After acoustic pre-alignment the sample enters the separation channel where particles are focused towards the channel center in an acoustic field having a single centrally located pressure node. Particles or cells that are large, have high density or are of low compressibility move faster in the acoustic field than particles that are small, light and compressible. By correct matching of the flow rate and the acoustic amplitude, the particles of high mobility can be collected in the central outlet of the separation channel (outlet 2 in Fig. 1A & B) while slow-moving particles are collected in the combined side outlet (outlet 3 in Fig. 1A & B).
The acoustic pre-alignment of particles in two dimensions assures that all particles experience identical initial flow conditions, which leads to deterministic separation that is undistorted by the flow velocity distribution in the channel. That is, a particle's sideways deflection in the acoustic field will truly reflect its acoustofluidic mobility, which depends on particle, size morphology, density and compressibility as well as the viscosity, density and compressibility of the suspending liquid.
Without acoustic pre-alignment, the retention time of a particle in the acoustic field depends strongly on its position in the width and height of the channel, due to the flow velocity profile in the channel (see ESI† S3). For instance, in a system without acoustic pre-alignment, a particle of low acoustic mobility that flows slowly near the bottom of the channel experiences the acoustic field for a longer time than a particle of high acoustic mobility flowing in a high flow rate region. Since the sideways deflection is then a function of both the acoustic mobility of the cell and the retention time in the field, the two different particles could end up in the same outlet.27
The microchannel flow is governed by the Hagen–Poiseuille equation, for which there exists no exact analytical solution for a rectangular geometry, so the positions of the particles were computed numerically in short time-steps.
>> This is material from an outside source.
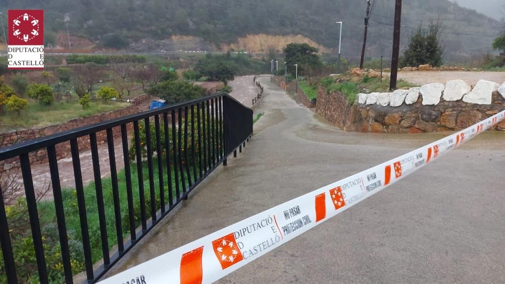 El río Anna se ha desbordado esta noche a su paso por la localidad de Burriana y ya ha sobrepasado uno de sus puentes, en la parte norte de la población. El río Belcaire también ha sobrepasado su cauce en varias zonas y ha sido necesario cerrar caminos y poner protección.  La lluvia no ha dado tregua en Castellón a lo largo del lunes, donde ha dejado sobre 370 litros por metros cuadrado en Eslida, alcanzando el récord histórico de precipitacions en un día en la provincia ne Castellón. En Aín se han registrado, en 24 horas, 249 litros por metro cuadrado y en Alcudia de Veo 236 l/m2.

The fundamental assumptions were that the velocity of a particle in the direction of the channel is always the same as the flow velocity at that point, and that the particle velocity orthogonal to the flow is only governed by the acoustic radiation force. A code example for execution in MATLAB® is shown in the supplementary files exampletrajectory.m, poiseuille.m, and acoustopath.m.
Fig. 2A shows the trajectories of a 5 and a 7 μm particle for identical starting positions after acoustic pre-alignment. For a given outlet flow rate configuration, the optimal separation can be assumed to occur when the two particles are located on opposite sides and at an equal distance from the virtual interface between the central and the side outlet flow streams. For each point along the length of the channel in Fig. 2A, the mean transverse position of each of the two particles was calculated. The central outlet volume flow rate, corresponding to these mean positions, was then derived by integrating the flow velocity profile from each position to the center of the channel.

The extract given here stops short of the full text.